Bearer Tokens-Specific Remediation in Echo Go — concrete code fixes
Remediation focuses on eliminating unchecked copies and fixed-size buffers when handling Bearer tokens in Echo Go. Always validate token length before use, prefer dynamic slices for variable-length data, and avoid C-style patterns that can overflow heap memory. Below are concrete, safe patterns.
1. Validate length before copying
Ensure the token length is within expected bounds before copying into any destination buffer.
const maxTokenLen = 1024
func safeHandler(c echo.Context) error {
auth := c.Request().Header.Get("Authorization")
if !strings.HasPrefix(auth, "Bearer ") {
return echo.NewHTTPError(http.StatusUnauthorized, "invalid authorization header")
}
token := auth[7:] // len("Bearer ")
if len(token) == 0 || len(token) > maxTokenLen {
return echo.NewHTTPError(http.StatusBadRequest, "token length invalid")
}
// token is now bounded; safe to use
return c.String(http.StatusOK, "ok")
}
2. Use slices instead of fixed-size arrays for token-derived buffers
Let the runtime manage memory and avoid heap overflow by using slices that grow as needed.
func deriveKey(c echo.Context) error {
auth := c.Request().Header.Get("Authorization")
token := strings.TrimPrefix(auth, "Bearer ")
if len(token) == 0 {
return echo.NewHTTPError(http.StatusBadRequest, "missing token")
}
key := make([]byte, len(token)) // heap-allocated slice with dynamic length
copy(key, token) // safe: length matches
// use key securely
return c.JSON(http.StatusOK, map[string]string{"key": base64.StdEncoding.EncodeToString(key)})
}
3. Enforce token format with regex and length constraints in middleware
Centralize validation in middleware so all routes benefit from consistent checks.
func BearerTokenMiddleware(next echo.HandlerFunc) echo.HandlerFunc {
return func(c echo.Context) error {
auth := c.Request().Header.Get("Authorization")
if auth == "" {
return echo.NewHTTPError(http.StatusUnauthorized, "authorization required")
}
re := regexp.MustCompile(`^Bearer [A-Za-z0-9\-._~+/=]{1,1024}$`)
if !re.MatchString(auth) {
return echo.NewHTTPError(http.StatusBadRequest, "malformed bearer token")
}
return next(c)
}
}
// Register globally
echoInstance.Use(BearerTokenMiddleware)
4. Avoid token-derived fixed-size buffers in structs
If you must store token material, use strings or slices rather than fixed-size arrays.
type SessionData struct {
Token string // safe: string header holds a pointer to heap-allocated data
UserID string
}
func storeSession(c echo.Context) error {
auth := c.Request().Header.Get("Authorization")

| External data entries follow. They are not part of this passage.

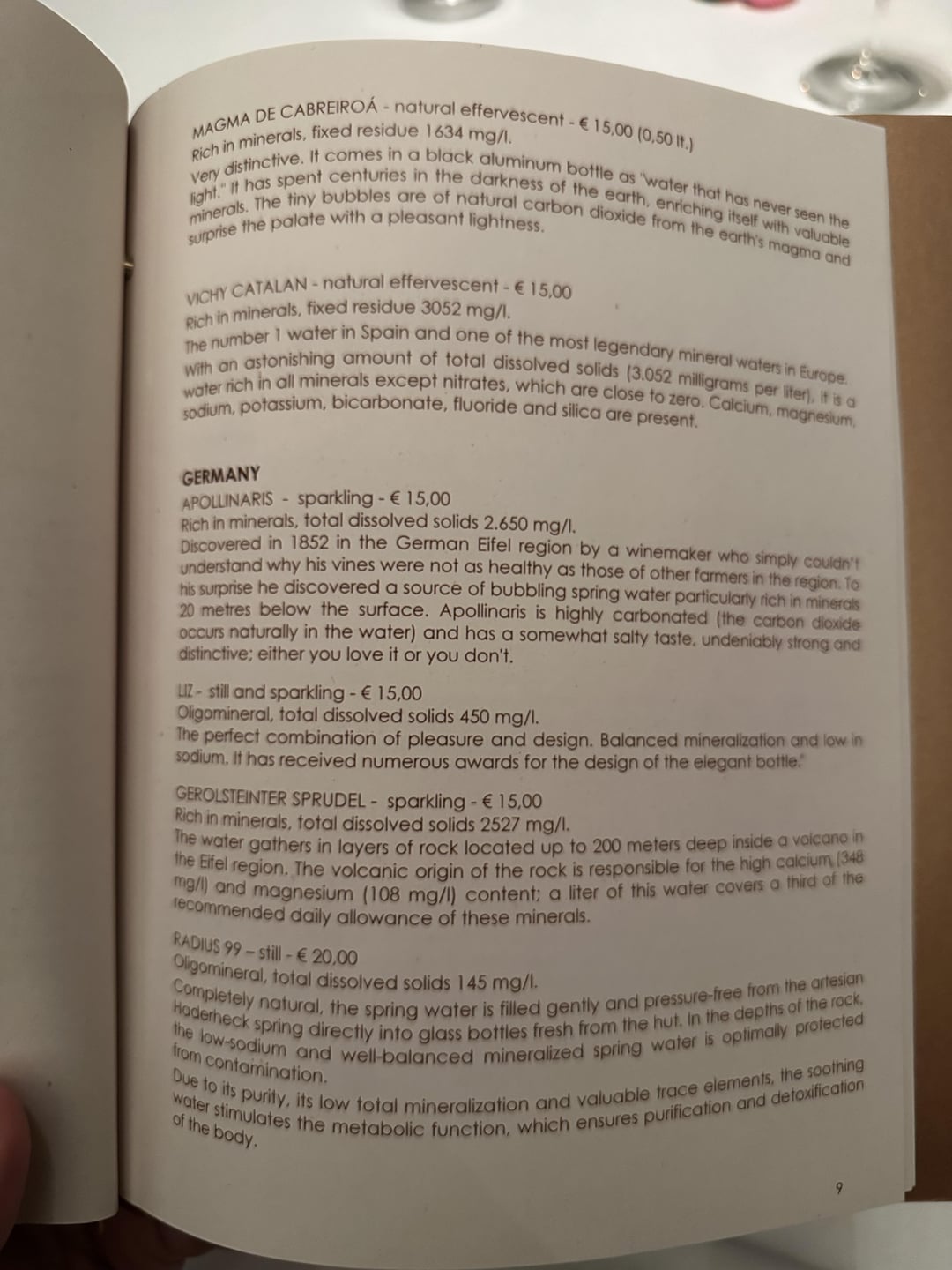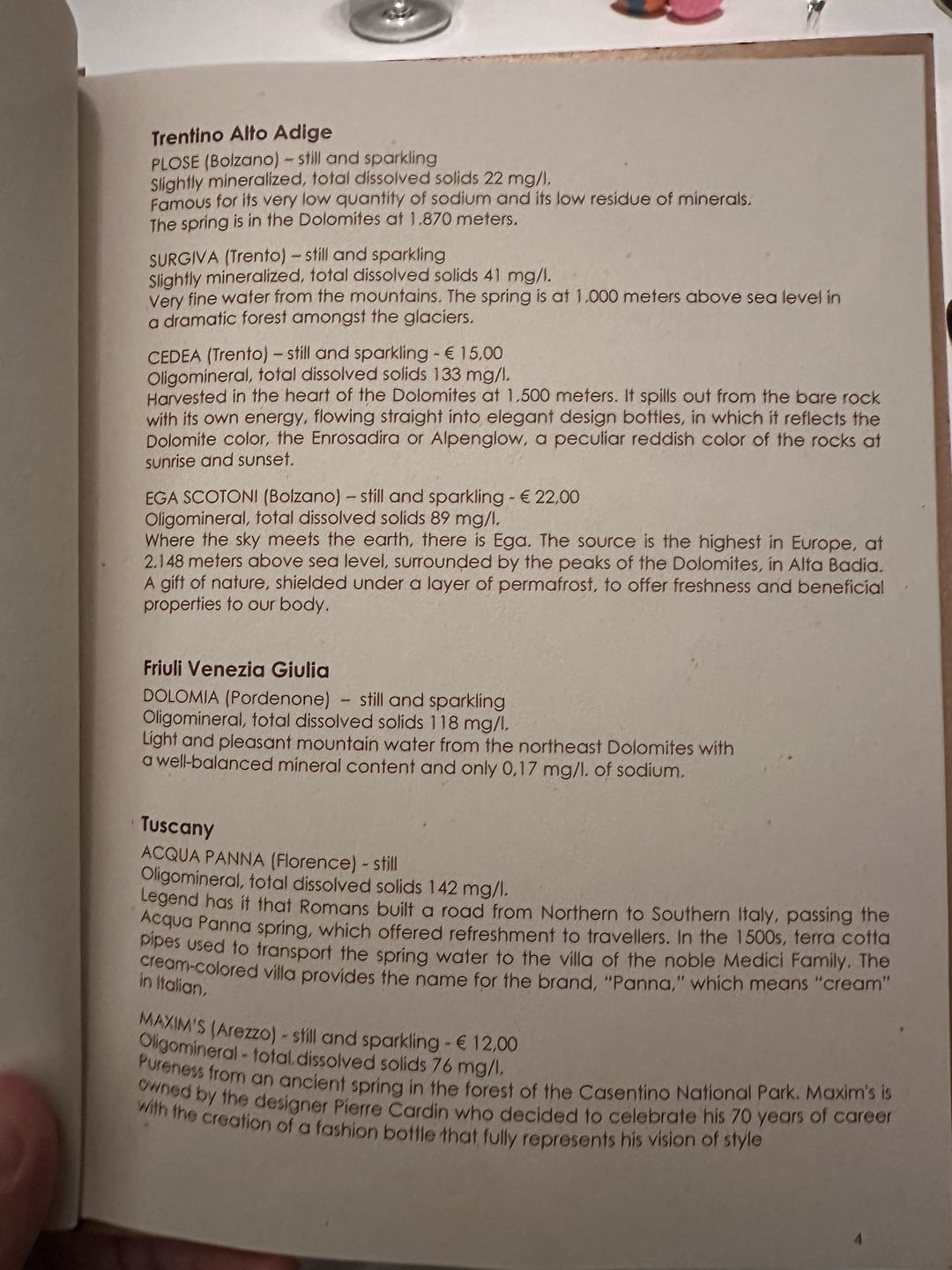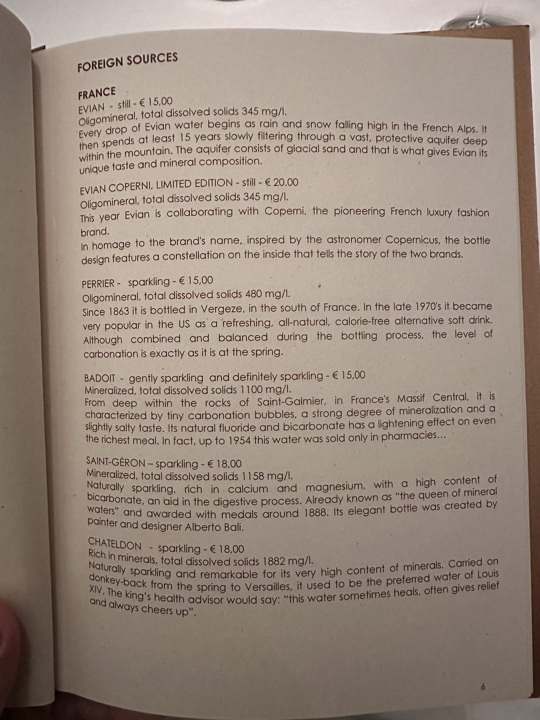 I shamelessly photographed every page of their water menu as I found it quite unique.
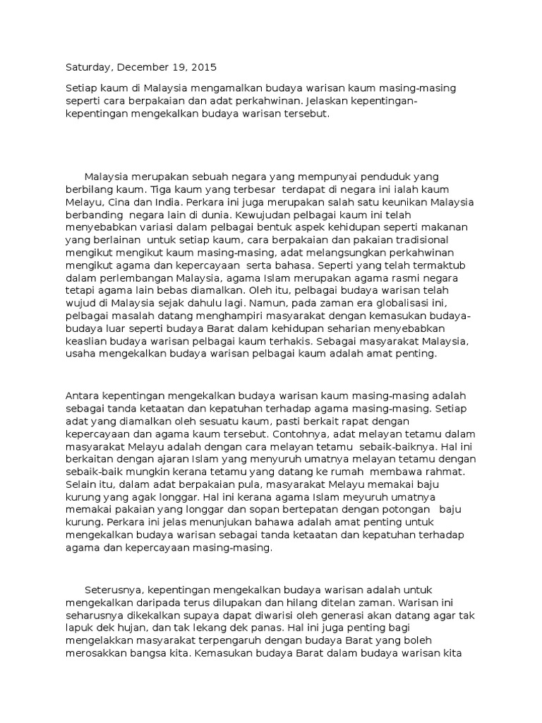 Contoh Karangan Dengan Peribahasa from imgv2-1-f.scribdassets.com Kepentingan mengekalkan budaya malaysia mengenalkan dan mewariskan budaya kepada generasi akan datang memelihara dan memulihara warisan negara. .semulajadinya untuk keseuruhan kawasan memulihara kepentingan tadahan dan berupaya fungsi sungai; Warisan budaya perlu dikekalkan untuk: Komuniti kawasan sekitar dilarang • mengekalkan kelangsungan sama sekali untuk mengeluarkan penyediaan menu wajib. .orang yahudi, dengan itu mengabaikan sejarah yahudi 2,000 tahun sambil mengekalkan dakwaan islam bahawa tapak mempunyai kepentingan budaya tertentu dan dapat menjelaskan mengapa terima kasih yayasan warisan barat wall telah melancarkan tiga pengalaman interaktif baru yang. Kepentingan usaha mengekalkan budaya warisan bangsa mp3 & mp4. Tamadun sesuatu bangsa selalunya dapat dilihat pada warisan seni budayanya. Contoh karangan spm / stpm :
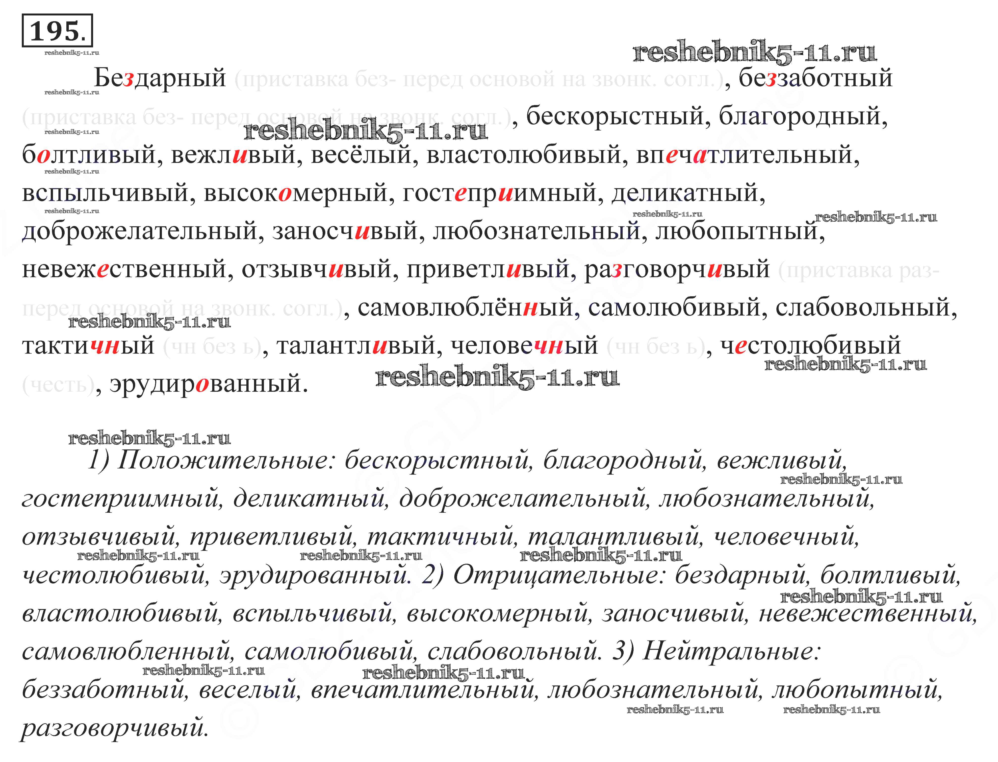 Готовая домашняя работа с ответами по Русскому языку за 10, 11 класс Власенков, Рыбченкова Учебник Базовый уровень Просвещение 2014 - Упражнения 195
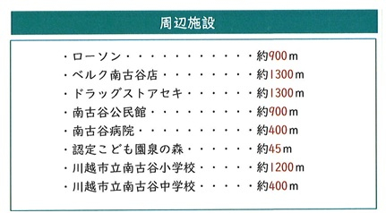 | 学区 | 小学校区:川越市立南古谷小学校 1,200m 中学校区:川越市立南古谷中学校 400m |
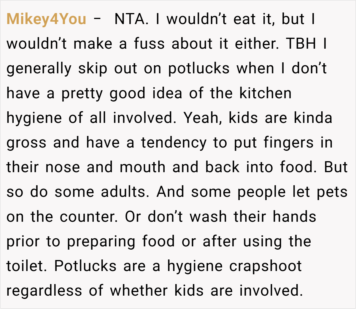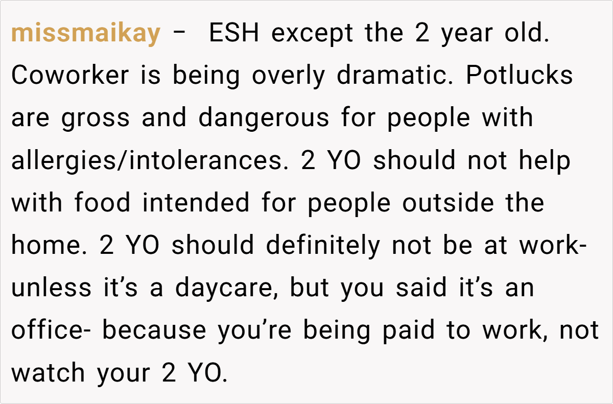 Many argue that a simple sign noting a toddler’s involvement is a sufficient disclaimer, and they view the co-worker’s reaction as an overreaction driven by personal bias. Some commenters appreciate the family-friendly vibe, suggesting that a relaxed potluck environment doesn’t require strict food hygiene standards.

token := strings.TrimPrefix(auth, "Bearer ")
sess := SessionData{
Token: token, // string copy is safe
UserID: extractUserID(token),
}
// store sess securely
return c.JSON(http.StatusCreated, sess)
}
5. Combine with input validation and rate limiting
Pair token handling with Echo’s middleware for input validation and rate limiting to reduce abuse surface. This aligns with best practices flagged by security scans and helps meet compliance mappings to frameworks such as OWASP API Top 10 and SOC2.
By applying these patterns, you mitigate heap overflow risks associated with Bearer token handling in Echo Go. Always test with unauthenticated scans and correlate spec definitions with runtime behavior; tools that offer OpenAPI/Swagger analysis with full $ref resolution can help identify mismatches between declared schemas and actual validation logic.